Real-time Voice Mode (WebSocket)
Real-time voice mode enables continuous bidirectional audio streaming for conversational AI experiences.
Connection Setup
Connect to the WebSocket endpoint with the voiceModeEnabled=true parameter:
const agentId = 123
const apiKey = 'your_api_key'
const wsUrl = `wss://api.autessa.com/ws/clients/agents/execute?authorization=${apiKey}&resourceId=${agentId}&voiceModeEnabled=true`
const websocket = new WebSocket(wsUrl)
Voice Establishment Message
After the WebSocket connection opens, send a voice establishment message to configure audio format and agent parameters:
websocket.onopen = () => {
const establishmentMessage = {
messageType: 'VOICE',
outputType: 'AUDIO', // or 'TEXT' for transcription only
agentId: 123,
audioFormat: {
sampleRate: 16000,
sampleSizeInBits: 32,
channels: 1,
signed: true,
bigEndian: false
},
environmentVariables: {},
promptTemplateVariables: {}
}
websocket.send(JSON.stringify(establishmentMessage))

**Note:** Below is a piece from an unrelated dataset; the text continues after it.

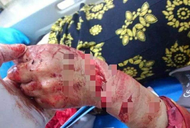 4月5号晚上11点左右,52岁的郭某独自一人乘坐出租车回家,在家门口附近下车后,遭遇歹徒抢夺财物,在拼命反抗中,手腕被连砍好几刀,只剩下皮肉相连。

console.log('Voice mode established')
}
AudioRecorder Utility Class
Here's a production-ready utility class for continuous audio recording with WebSocket streaming:
export class AudioRecorder {
private sampleRate: number
private audioContext: AudioContext | null = null
private processor: ScriptProcessorNode | null = null
private source: MediaStreamAudioSourceNode | null = null
private stream: MediaStream | null = null
private isRecording: boolean = false
private websocket: WebSocket | null = null
private websocketReady: boolean = false
// Voice Activity Detection
private vadThreshold: number = 0.01
private vadDebounceMs: number = 300
private isSpeaking: boolean = false
private silenceStart: number = 0
private rmsBuffer: number[] = []
private readonly rmsBufferSize: number = 5
// Audio accumulation for JSON export
private accumulatedAudio: Float32Array[] = []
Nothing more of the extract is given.